A definite gain of Israel’s new settlement policy is that it seems to have taken the settlement issue off the boil not just with the Trump administration but also with other friendly foreign governments. Among the losses, thanks to the Judea and Samaria Settlement Regulation Law, is UN Security Council Resolution 2334 of December 23, 2016, which vehemently denounced all Israeli settlement activity.
During March 2017, a delegation appointed by Israel’s Prime Minister Binyamin Netanyahu held lengthy discussions in Washington with the Trump administration over construction in the Israeli settlements in Judea and Samaria (aka the “West Bank”). No summary of those discussions was published, but on March 30 the security cabinet of the Israeli government informed the media that it had drawn up guidelines limiting further construction. Now, however, Israeli Defense Minister Avigdor Lieberman — who has direct responsibility for approving all such construction plans — has confirmed that “Israel is coordinating its settlement construction with the White House.”

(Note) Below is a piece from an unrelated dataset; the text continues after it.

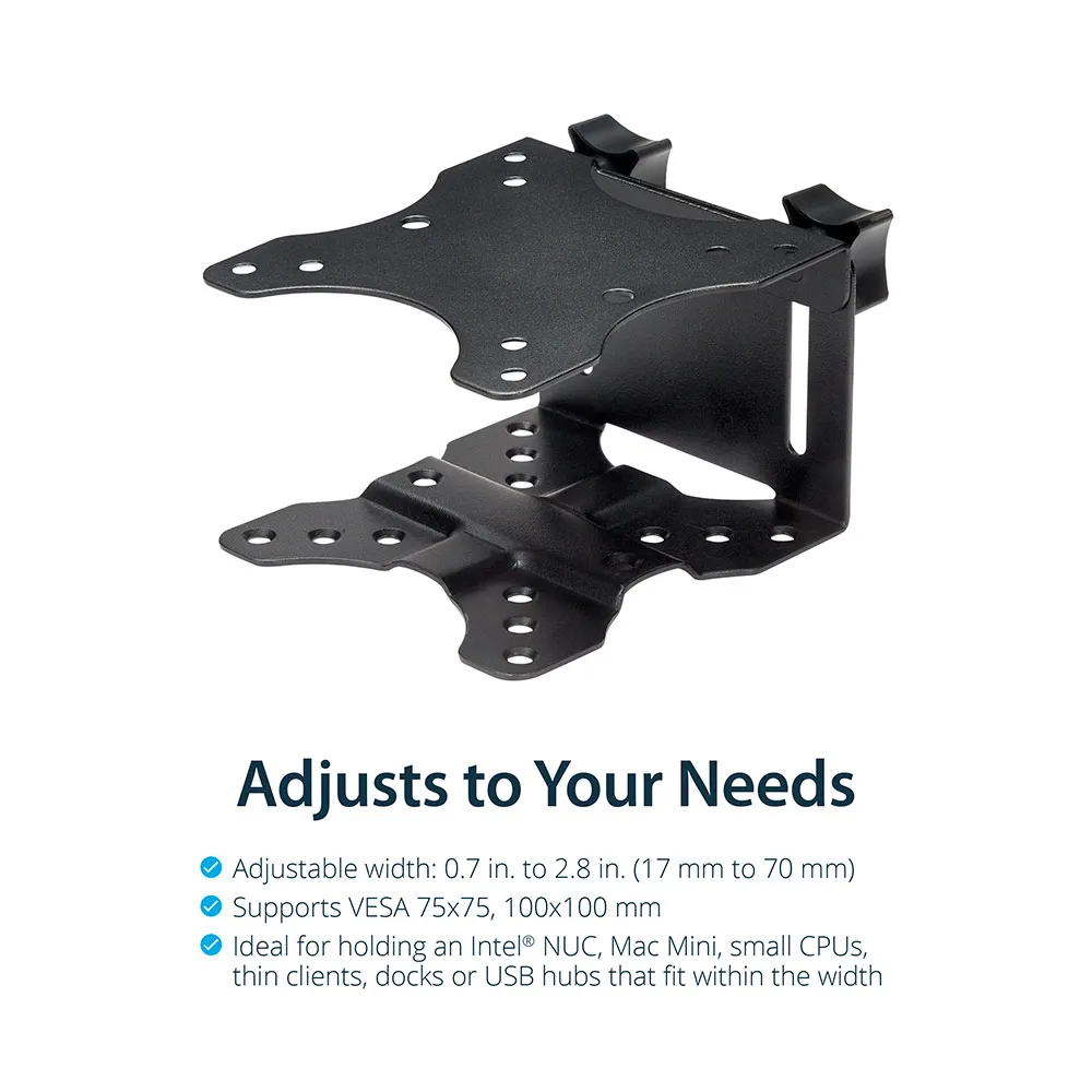 Detta justerbara fäste är idealiskt för att hålla en Intel® NUC, Mac Mini, de flesta små CPU: er, tunna klienter, dockningsstationer eller USB-nav som passar in i breddens justerbarhet för fästet (.7 till 2.8 / 17 mm till 70 mm). PC-monteringsfästet är också bra för montering av andra enheter bakom skärmar som trådlösa routrar, modem, videoförlängare och digitala skyltar mediaspelare.

He specified that “while coordination is not happening on the level of every ’10 [houses],’ there is general understanding between Jerusalem and Washington about acceptable levels of construction in the West Bank.” This would explain why, whereas under the Obama administration any Israeli announcement about even a small number of housing units would provoke ritual squeaks of protest from U.S. officials, the recent announcements of larger numbers have escaped loud censure.

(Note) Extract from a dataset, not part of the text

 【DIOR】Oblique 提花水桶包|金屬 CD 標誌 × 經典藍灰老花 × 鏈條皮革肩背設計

It should be noted that such announcements commonly give an exaggerated impression of the scale of construction. This is because Israeli urban planning involves a series of stages of approval before actual construction goes ahead. Thus the most recent announcement, billed as “building at the highest level since 1992,” aggregates plans at various stages of approval, some of which were included in earlier announcements. To add together all such figures over a long period would therefore be mistaken because of multiple counting of the same individual housing units.
The new settlement policy was released to various media, such as here, where it is stated:
“Israel, according to the security cabinet decision, will — as much as possible — only permit building within the existing construction lines of the settlements… In areas where this is not possible because there is no more available land inside the settlements, construction will take place close to the existing construction line. Where this too is impossible because of issues of land ownership, or security or topographic considerations, Israel will build as close to the existing settlement as possible… Israel also committed itself not to permit the establishment of new wildcat outposts.”

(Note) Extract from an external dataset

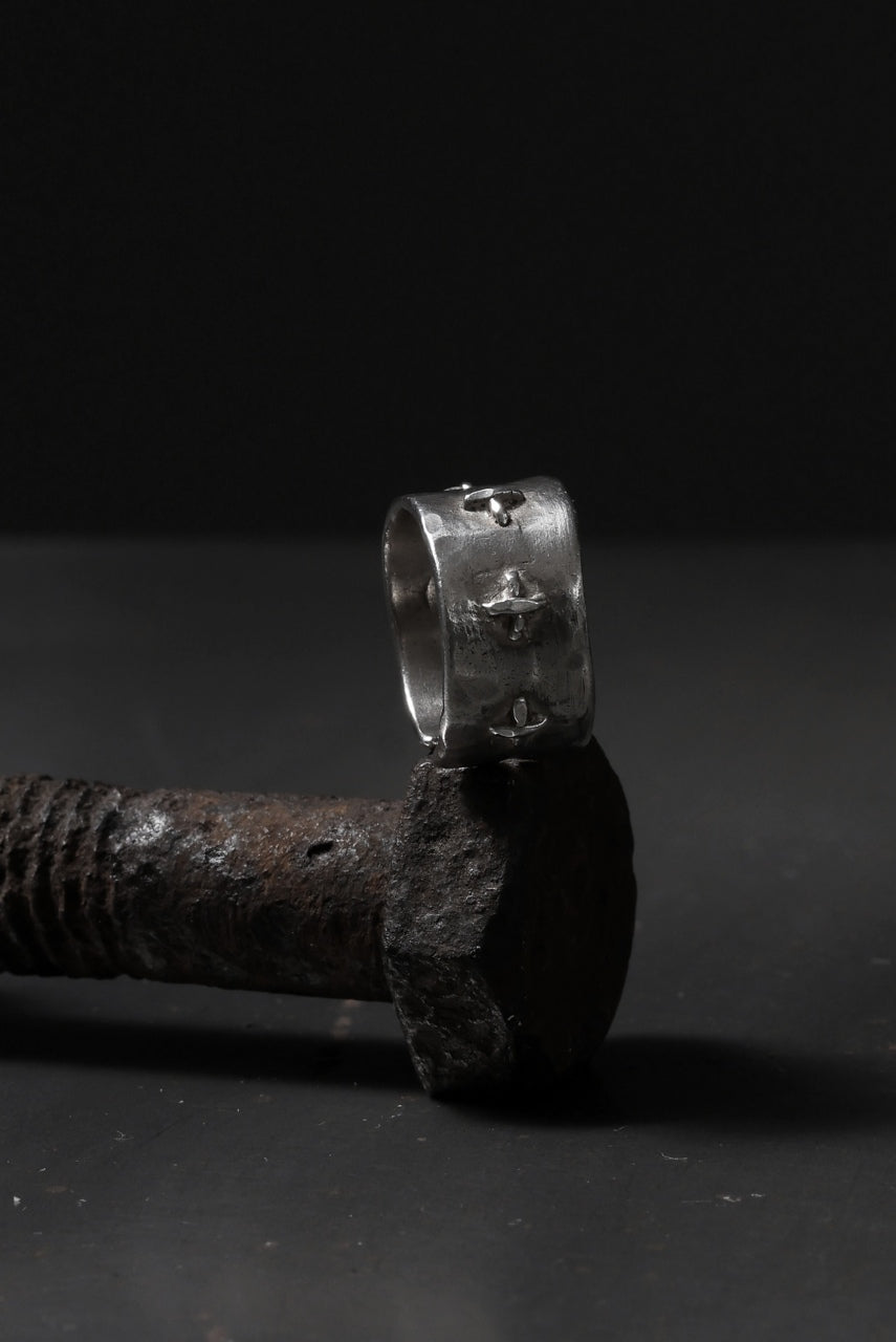 m.a+ thick silver stitched multiple cross ring / AG538/AG (SILVER)

Several comments are in order. First, this is more or less what all Israeli governments did after the signing of the “Oslo Accords” of 1993 and 1995 and up to the middle of 2016. Second, the details are spelled out far more minutely than in any previous Israeli official statement. Third, the decision applies equally to all settlements whatsoever, whereas previous discussions might distinguish between settlements within or beyond Israel’s security barrier or between the main “settlement blocks” and “outlying settlements.” (Even the two major opposition parties in the Israeli parliament — the Labor Party and Yesh Atid — agree with the government that the settlement blocks should be kept by Israel in any final agreement with the Palestinians.)
On the other hand, two recent exceptions to that policy will be retained. One is the proposed construction of Amihai. This is an entirely new settlement, the first since 1992; it is to be inhabited by the 40 families expelled on February 1-2, 2017 from Amona, the wildcat outpost that they had set up back in 1995 without government permission and on land privately owned by Palestinians. (The expulsion was long delayed for various reasons, most recently because the settlers produced documents of purchase of the land, which were proven false in 2014.) The construction of Amihai was ratified by the security cabinet at the same meeting on March 30, but because Netanyahu had promised the settlers a new settlement at the time of their evacuation it was treated as a matter that preceded the discussions with the Trump administration. (The name “Amihai” itself was coined by the settlers only in May 2017.)
The other exception is the so-called “Judea and Samaria Settlement Regulation Law,” passed by the Israeli parliament on February 4, 2017 after long discussions that started in mid-2016 and that were provoked precisely by the case of Amona. The law addresses land occupied by settlers either within or outside officially created settlements, but which was subsequently found to be privately owned by Palestinians. As far back as 1979, Israel’s Supreme Court ruled that settlements could not be built on such land. The law seeks to permit compulsory acquisition of the land while compensating the owners (either financially or with state land elsewhere) if occupation of the land occurred “in good faith” (i.e., without prior knowledge of Palestinian ownership) or if the Israeli state had de facto assisted the occupation (e.g., by connecting buildings to the water or electricity grid). It is widely expected that the law itself will be struck down by the Supreme Court.